But it’s not just tempting to send robotic probes to Jupiter – it’s practically a necessity! Any spacecraft headed to the outer Solar System, or trying to do wild orbit maneuvers, needs a lot of delta v (that is, the capability to change velocity – in magnitude, direction, or both). The Ulysses spacecraft needed a bunch of delta v to kick its orbitwaaaaaaay up over the sun. And New Horizons needed a ton of delta v to get out to Pluto and beyond. One efficient way to get delta v is to perform a planetary swingby, or flyby, maneuver – and you can get more delta v from a bigger planet. Jupiter is king of the planets and gives space vehicles a huge boost. So, every spacecraft that has ever gone into the outer Solar System has visited Jupiter.

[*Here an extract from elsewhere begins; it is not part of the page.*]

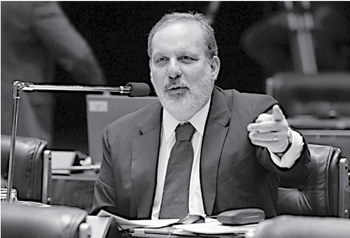
Senador Armando Monteiro, PTB-PE, é o autor da proposição que será votada no próximo ano na Comissão de Assuntos Sociais sob relatoria de Jorge Viana, PT-AC

No momento em que a legislação cria dificuldades para se alocar mão de obra nos projetos no exterior, isso cria dificuldades para a própria operação das empresas. Portanto, esse projeto vai representar um avanço no sentido de estimular esse movimento de internacionalização das empresas brasileiras e, o que é mais importante, sem que isso signifique nenhum sacrifício, nenhum comprometimento dos direitos do trabalhador. Aplica-se o princípio da territorialidade, ou seja, aplicar a legislação trabalhista do país

That magnetic field, though. Jupiter has a magnetic moment 18,000 times as large as the Earth’s. That sort of magnetic field is useful, if a spacecraft has the hardware to take advantage of it. For instance, an electrodynamic tether: a long conductive filament stretching from the spacecraft, along which the spacecraft runs a current. (Currents through the rarefied plasma filling the Jovian orbit environment complete the circuit.) The spacecraft will then experience a force proportional to the cross product of the current along the tether and the local magnetic field. If you don’t like vector math, don’t worry – just remember that the force is perpendicular to both the tether and the planet’s magnetic field near the spacecraft (which, near the planet’s equator, will run approximately parallel to the planet’s spin axis). In Earth orbit, there have been several missions testing tether physics, with applications including both electrodynamic propulsion and harvesting power from the Earth’s magnetic field. Around Jupiter, these methods will be even more powerful.
If a spacecraft is in circular orbit around Jupiter and orients a tether parallel to its direction of travel, then the force will be either directly toward or directly away from the planet’s center. This means that the spacecraft can, by running a current through a tether, generate a force that has the effect of either enhancing or weakening gravity. So a robotic probe performing a Jupiter flyby could get a much bigger gravity-assist boost with a little help from a current-carrying tether. Or, if the current is high enough, the net force could repel the spacecraft from Jupiter, changing the direction of the delta v it picks up in the flyby. The capability for spacecraft to perform that kind of maneuver could open up more launch windows for outer Solar System missions.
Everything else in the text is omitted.